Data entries

========================

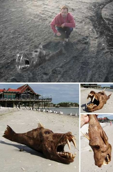 列举的一些海滩冲积生物都不是完整的,但是蒙托克怪兽却除外。报道称这种外形凶恶的动物尸体来自纽约长岛远东海域,是于2008年7月发现的,随即引起互联网热议。
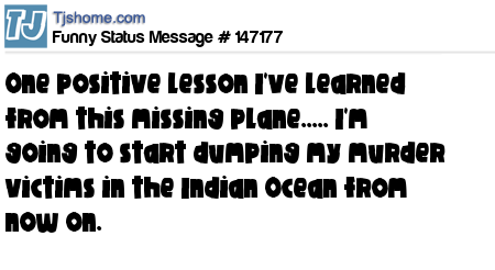 X says One positive lesson I've learned from this missing plane..... I'm going to start dumping my murder victims in the Indian Ocean from now on.
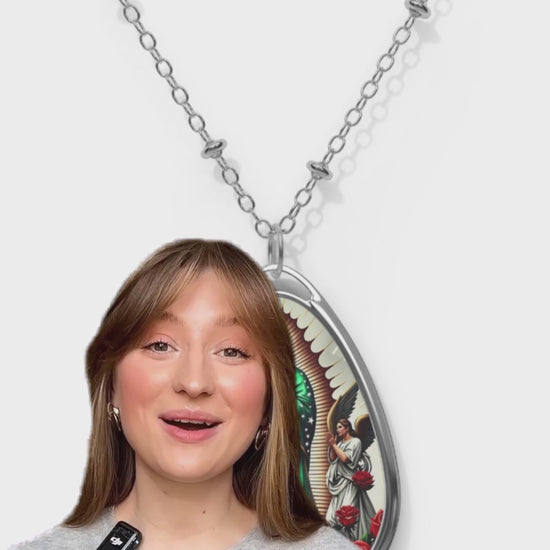 Carry a symbol of faith, love, and protection wherever you go with this stunning Oval Necklace inspired by the Virgin of Guadalupe. Featuring a vivid, glossy image of Our Lady framed in an elegant oval pendant, this piece radiates both spiritual beauty and timeless style.
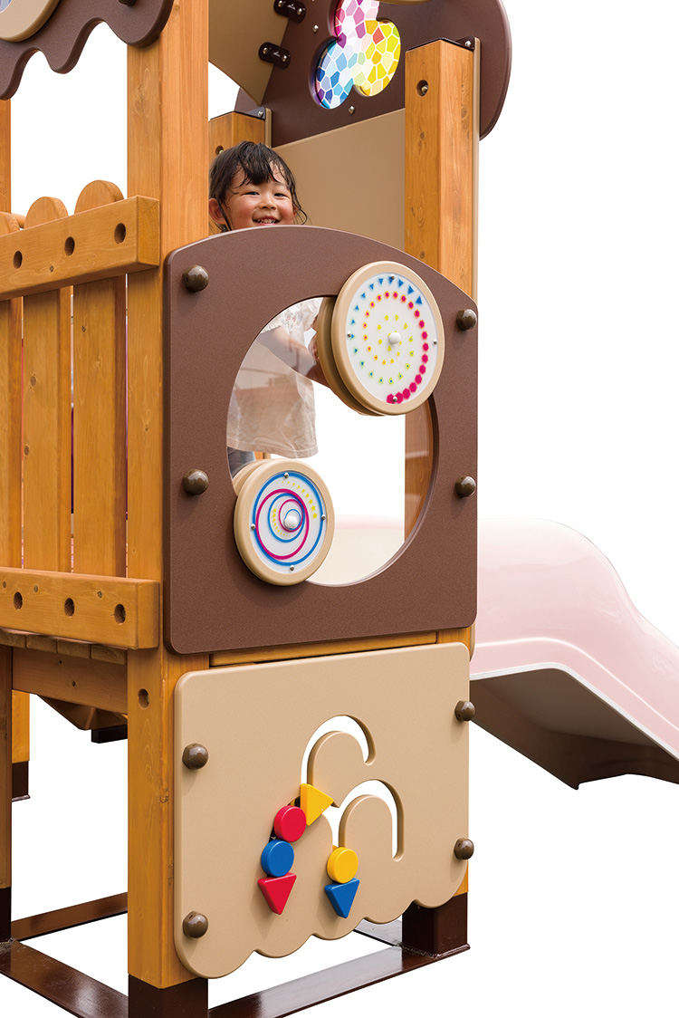 色遊びをテーマに様々な遊びのアイテムを取り込んだ低年齢児遊具です。
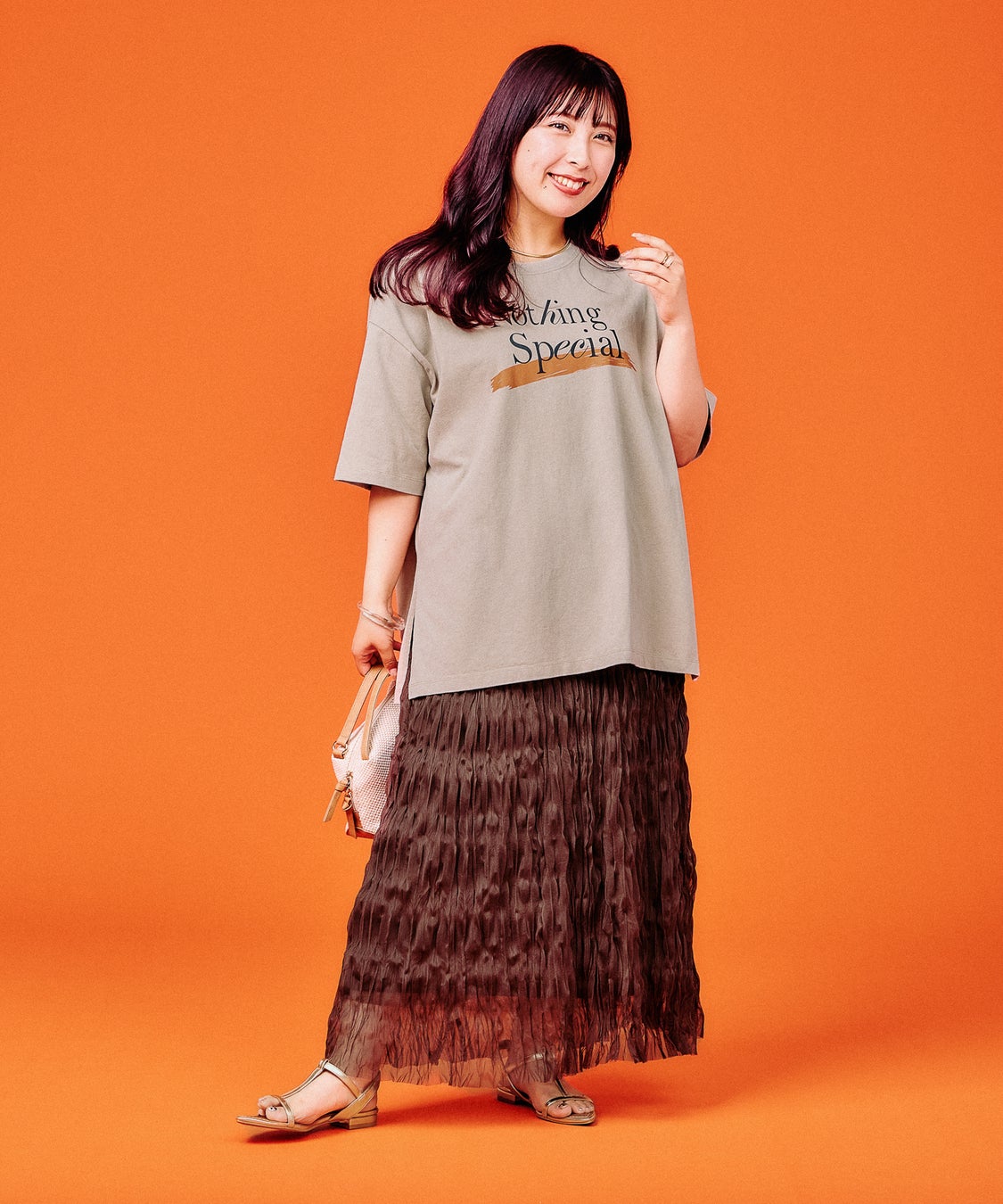 ロゴTシャツは、体型カバーができるようにオーバーシルエットに設計。首元の開き具合や裾のスリットで女性らしさも表現しています。肘までが隠れる袖丈で手首を出すことで腕をスッキリと見せられます。ヴィンテージ加工を施し、大人にも着やすく仕上げています。スカートは立体感のあるウェーブチュール素材で、ボディラインを拾わないデザインです。ウエストには柔らかく太めのゴムを採用し、食い込みにくい仕様にしました。
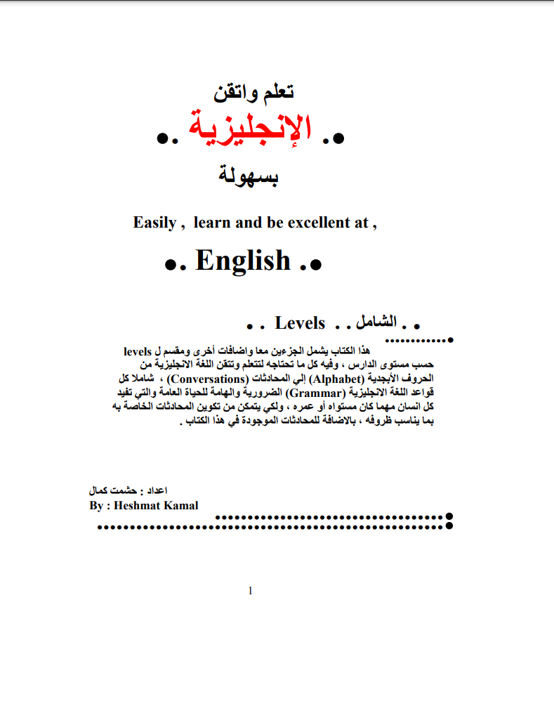 كتاب تعلم واتقن الإنجليزية بسهولة بالغة هو كتاب شامل وقد تم تقسيمه إلي جزئين يشملهما الكتاب كما تم تقسيم الكتاب إلي مستويات تدريجية يبدأ بالحروف الأبجدية باللغة الانجليزية الي المحادثات منتقلا الي قواعد اللغة الانجليزية الضرورية جدا لتعلم اللغة الانجليزية لذا فالكتاب يساعد المتعلم والدارس بشكل كبير جدا لتعلم واتقان اللغة الانجليزية من الصفر الي الاحتراف ليتمكن المتعلم من الحصول علي اللغة الانجليزية واجادتها، كتاب تعلم واتقن الإنجليزية عبارة عن 72 صفحة تحتوي علي أكبر مجموعه من الكلمات باللغة الانجليزية قم تم تقسيمها بتنسيق كبير إلي فئات مختلفة وكل منها به عدد كبير من الأمثلة مترجمة باللغة العربية للفهم الجيد ومتابعة الاستيعاب، كما أنه مقسم الي جداول مختلفة تبعا لكل مستوي تعليمي ما يسهل علي المتعلم القراءة والمراجعة حيث يتميز الكتاب بالتنسيق الجيد و التدرج في التعلم مهم جدا لتأكيد وثبات المعلومات في تعلم اللغة الانجليزية. لذا فكتاب تعلم واتقن الإنجليزية مرشح للمتعلمين الجدد والدارسين ويسهل التعلم على المبتدئين لتعلم اللغة الانجليزية لإتقانها من الصفر الي الاحتراف بشكل تدريجي جيد، والكتاب متوفر على موقعنا مجانا بصيغة pdf يمكنك تحميله بالضغط على زر التحميل بالأسفل.

========================

TASK STATEMENT = Above are some entries; copy exactly the lines from the line with "Carry a symbol" through the line with "ロゴTシャツは、体型カバーが", both included, but none of the pictures.

ANSWER TO THE PROBLEM =
 Carry a symbol of faith, love, and protection wherever you go with this stunning Oval Necklace inspired by the Virgin of Guadalupe. Featuring a vivid, glossy image of Our Lady framed in an elegant oval pendant, this piece radiates both spiritual beauty and timeless style.
 色遊びをテーマに様々な遊びのアイテムを取り込んだ低年齢児遊具です。
 ロゴTシャツは、体型カバーができるようにオーバーシルエットに設計。首元の開き具合や裾のスリットで女性らしさも表現しています。肘までが隠れる袖丈で手首を出すことで腕をスッキリと見せられます。ヴィンテージ加工を施し、大人にも着やすく仕上げています。スカートは立体感のあるウェーブチュール素材で、ボディラインを拾わないデザインです。ウエストには柔らかく太めのゴムを採用し、食い込みにくい仕様にしました。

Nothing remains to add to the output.